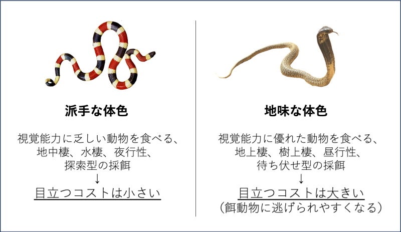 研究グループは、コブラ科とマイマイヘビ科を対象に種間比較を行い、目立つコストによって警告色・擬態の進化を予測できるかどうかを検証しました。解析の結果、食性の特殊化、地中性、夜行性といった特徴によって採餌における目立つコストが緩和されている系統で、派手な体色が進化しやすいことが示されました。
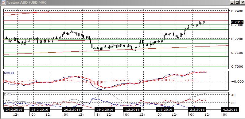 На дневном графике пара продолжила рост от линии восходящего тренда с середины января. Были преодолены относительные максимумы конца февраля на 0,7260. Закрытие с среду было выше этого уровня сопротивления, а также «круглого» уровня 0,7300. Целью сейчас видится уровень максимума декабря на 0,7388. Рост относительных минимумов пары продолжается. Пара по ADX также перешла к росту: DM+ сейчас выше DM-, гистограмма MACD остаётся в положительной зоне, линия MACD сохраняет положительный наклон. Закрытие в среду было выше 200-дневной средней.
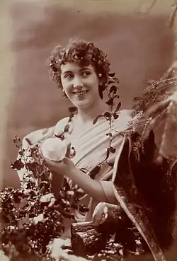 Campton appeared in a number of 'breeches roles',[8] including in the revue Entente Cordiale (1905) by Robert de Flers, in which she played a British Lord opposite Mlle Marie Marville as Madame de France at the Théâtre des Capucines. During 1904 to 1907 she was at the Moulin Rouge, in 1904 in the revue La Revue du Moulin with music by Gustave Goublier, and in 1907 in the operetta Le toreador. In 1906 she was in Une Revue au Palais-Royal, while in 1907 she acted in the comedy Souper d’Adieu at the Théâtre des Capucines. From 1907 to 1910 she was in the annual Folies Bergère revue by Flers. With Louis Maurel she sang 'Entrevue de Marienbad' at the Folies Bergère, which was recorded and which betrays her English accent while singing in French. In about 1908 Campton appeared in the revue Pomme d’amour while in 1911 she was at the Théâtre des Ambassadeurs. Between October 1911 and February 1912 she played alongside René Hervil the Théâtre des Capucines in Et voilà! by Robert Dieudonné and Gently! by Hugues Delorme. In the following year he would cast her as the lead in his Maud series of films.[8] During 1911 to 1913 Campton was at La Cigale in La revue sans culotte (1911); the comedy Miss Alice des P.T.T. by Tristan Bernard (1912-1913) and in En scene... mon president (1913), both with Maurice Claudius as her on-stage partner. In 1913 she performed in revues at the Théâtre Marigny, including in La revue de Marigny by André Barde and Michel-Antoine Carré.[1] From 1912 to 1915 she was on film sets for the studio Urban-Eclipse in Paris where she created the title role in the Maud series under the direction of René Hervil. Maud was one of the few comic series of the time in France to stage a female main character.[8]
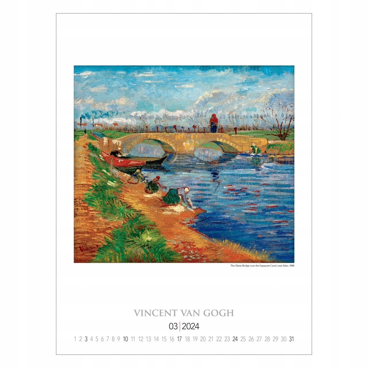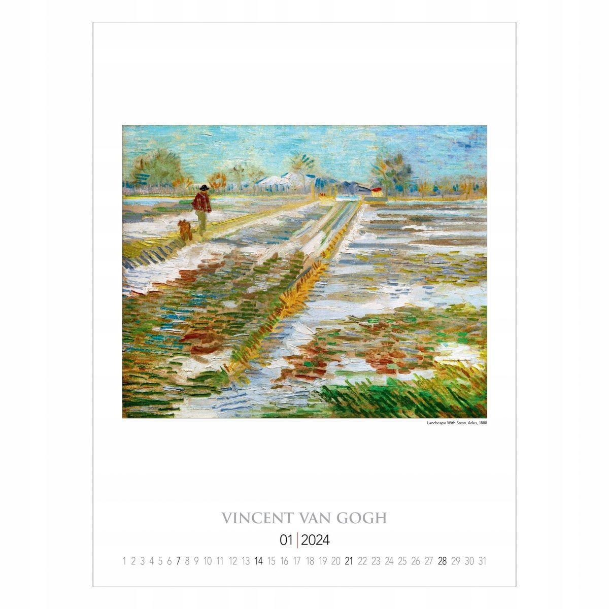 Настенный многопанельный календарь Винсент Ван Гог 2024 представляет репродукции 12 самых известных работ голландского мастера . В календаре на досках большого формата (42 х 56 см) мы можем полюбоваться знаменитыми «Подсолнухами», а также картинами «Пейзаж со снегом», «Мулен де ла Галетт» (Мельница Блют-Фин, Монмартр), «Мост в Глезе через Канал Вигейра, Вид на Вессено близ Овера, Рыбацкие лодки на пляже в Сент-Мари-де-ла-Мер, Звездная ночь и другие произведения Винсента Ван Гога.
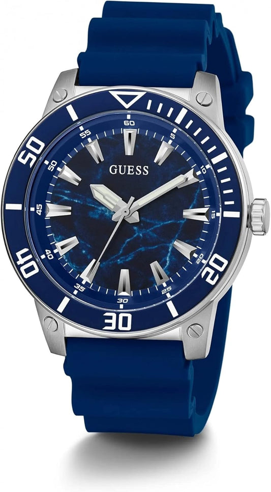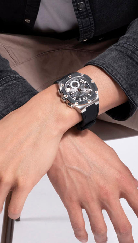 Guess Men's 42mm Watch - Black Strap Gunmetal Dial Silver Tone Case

....

§ WHAT IS REQUIRED
Leaving out only the pictures, reproduce the listing exactly.

§ RESPONSE
 研究グループは、コブラ科とマイマイヘビ科を対象に種間比較を行い、目立つコストによって警告色・擬態の進化を予測できるかどうかを検証しました。解析の結果、食性の特殊化、地中性、夜行性といった特徴によって採餌における目立つコストが緩和されている系統で、派手な体色が進化しやすいことが示されました。
 На дневном графике пара продолжила рост от линии восходящего тренда с середины января. Были преодолены относительные максимумы конца февраля на 0,7260. Закрытие с среду было выше этого уровня сопротивления, а также «круглого» уровня 0,7300. Целью сейчас видится уровень максимума декабря на 0,7388. Рост относительных минимумов пары продолжается. Пара по ADX также перешла к росту: DM+ сейчас выше DM-, гистограмма MACD остаётся в положительной зоне, линия MACD сохраняет положительный наклон. Закрытие в среду было выше 200-дневной средней.
 Campton appeared in a number of 'breeches roles',[8] including in the revue Entente Cordiale (1905) by Robert de Flers, in which she played a British Lord opposite Mlle Marie Marville as Madame de France at the Théâtre des Capucines. During 1904 to 1907 she was at the Moulin Rouge, in 1904 in the revue La Revue du Moulin with music by Gustave Goublier, and in 1907 in the operetta Le toreador. In 1906 she was in Une Revue au Palais-Royal, while in 1907 she acted in the comedy Souper d’Adieu at the Théâtre des Capucines. From 1907 to 1910 she was in the annual Folies Bergère revue by Flers. With Louis Maurel she sang 'Entrevue de Marienbad' at the Folies Bergère, which was recorded and which betrays her English accent while singing in French. In about 1908 Campton appeared in the revue Pomme d’amour while in 1911 she was at the Théâtre des Ambassadeurs. Between October 1911 and February 1912 she played alongside René Hervil the Théâtre des Capucines in Et voilà! by Robert Dieudonné and Gently! by Hugues Delorme. In the following year he would cast her as the lead in his Maud series of films.[8] During 1911 to 1913 Campton was at La Cigale in La revue sans culotte (1911); the comedy Miss Alice des P.T.T. by Tristan Bernard (1912-1913) and in En scene... mon president (1913), both with Maurice Claudius as her on-stage partner. In 1913 she performed in revues at the Théâtre Marigny, including in La revue de Marigny by André Barde and Michel-Antoine Carré.[1] From 1912 to 1915 she was on film sets for the studio Urban-Eclipse in Paris where she created the title role in the Maud series under the direction of René Hervil. Maud was one of the few comic series of the time in France to stage a female main character.[8]
 Настенный многопанельный календарь Винсент Ван Гог 2024 представляет репродукции 12 самых известных работ голландского мастера . В календаре на досках большого формата (42 х 56 см) мы можем полюбоваться знаменитыми «Подсолнухами», а также картинами «Пейзаж со снегом», «Мулен де ла Галетт» (Мельница Блют-Фин, Монмартр), «Мост в Глезе через Канал Вигейра, Вид на Вессено близ Овера, Рыбацкие лодки на пляже в Сент-Мари-де-ла-Мер, Звездная ночь и другие произведения Винсента Ван Гога.
 Guess Men's 42mm Watch - Black Strap Gunmetal Dial Silver Tone Case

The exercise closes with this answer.